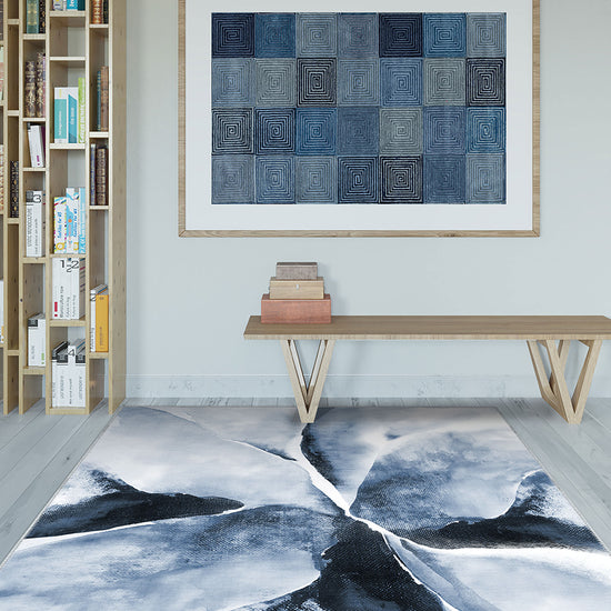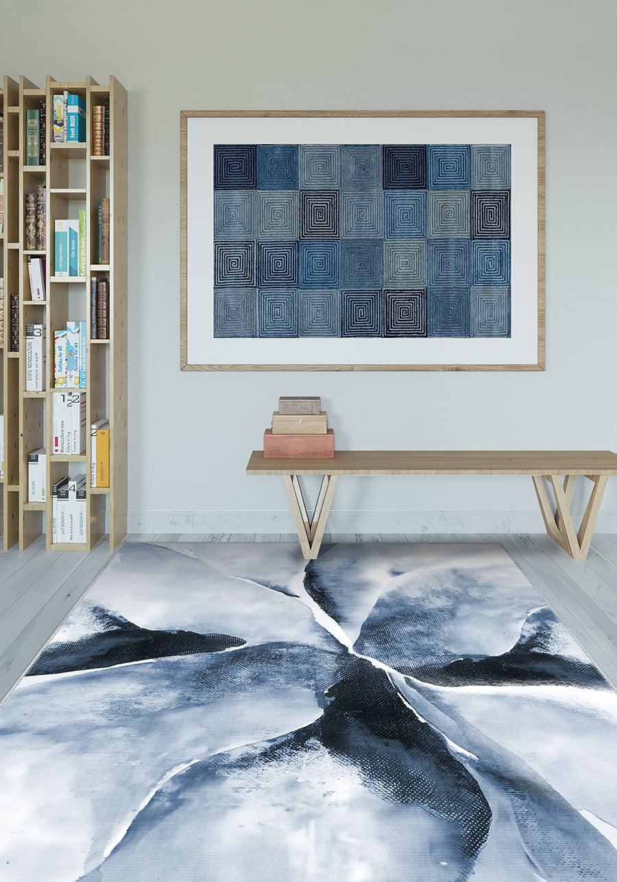 The Delyra Blue Abstract Washable Rug adds artistic sophistication to various spaces:
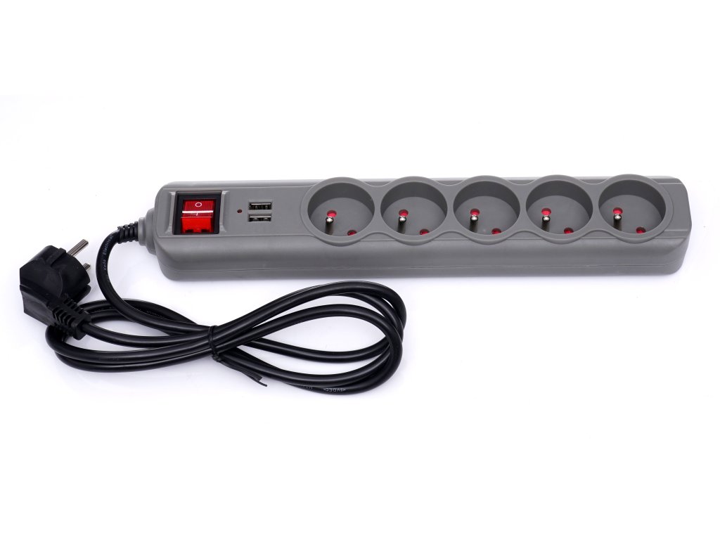 Predlžovačka s USB zásuvkami 1,5 m KD4033 - 5 zásuviek a 2 USB porty
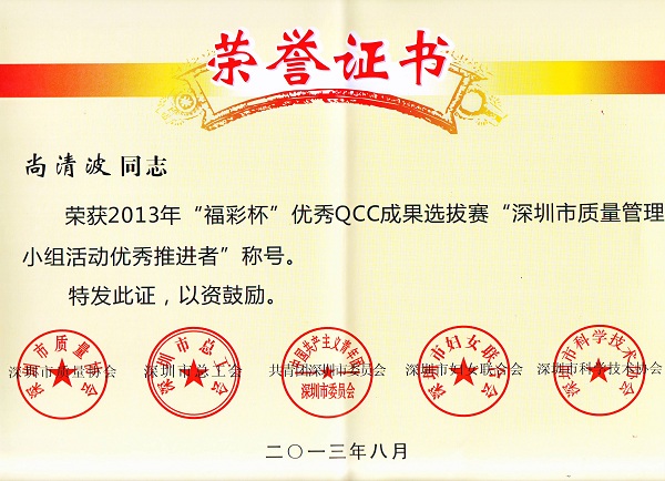 深圳市2013年質(zhì)量管理小組活動優(yōu)秀企業(yè)及“福彩杯”QCC成果選拔賽優(yōu)秀獎是由深圳市質(zhì)量協(xié)會、深圳市科技技術(shù)協(xié)會、深圳市總工會、深圳市婦女聯(lián)合會和共青團(tuán)深圳市委員會聯(lián)合評定,旨在表彰在2012年度深圳市質(zhì)量管理小組活動中涌現(xiàn)出的優(yōu)秀企業(yè)和優(yōu)秀QC小組。質(zhì)量管理小組活動優(yōu)秀企業(yè)是由同一工作場所的不同企業(yè)員工組成質(zhì)量管理小組,運(yùn)用質(zhì)量管理的簡易統(tǒng)計手法及工具,分析解決工作場所的問題以改善業(yè)績的質(zhì)量管理活動。
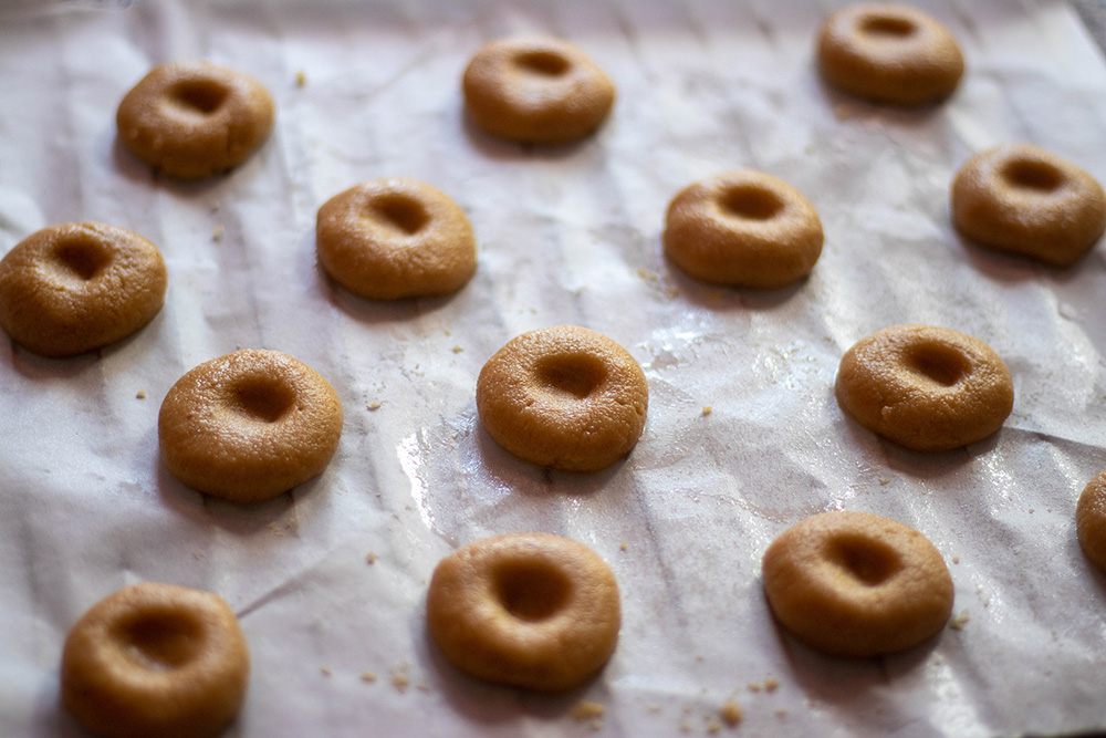 Загрейте фурната до 180 градуса. Оформете 18 топчета и ги разположете на разстояние едно от друго върху намаслена или постлана с хартия за печене тава. Сплескайте с пръсти и оформете вдлъбнатина в средата.
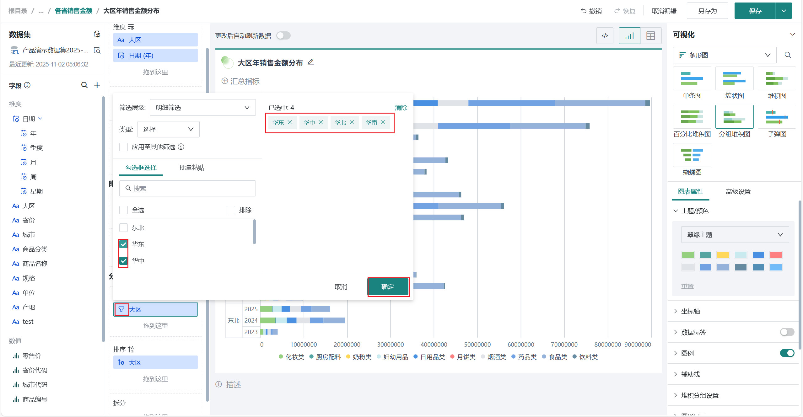 在情境中,若您只需观察华中、华北、华南、华东这四个选项的数据,可以将「大区」字段拖至「筛选」区域,点击前方小漏斗,选择后点击「确认」即可完成筛选。
━━━━━━
# Assigned task
When the line containing "Загрейте фурната до" is reached, write out that line and each one after it exactly, ending with the last line of the records; pictures are not copied.

# Your solution
 Загрейте фурната до 180 градуса. Оформете 18 топчета и ги разположете на разстояние едно от друго върху намаслена или постлана с хартия за печене тава. Сплескайте с пръсти и оформете вдлъбнатина в средата.
 在情境中,若您只需观察华中、华北、华南、华东这四个选项的数据,可以将「大区」字段拖至「筛选」区域,点击前方小漏斗,选择后点击「确认」即可完成筛选。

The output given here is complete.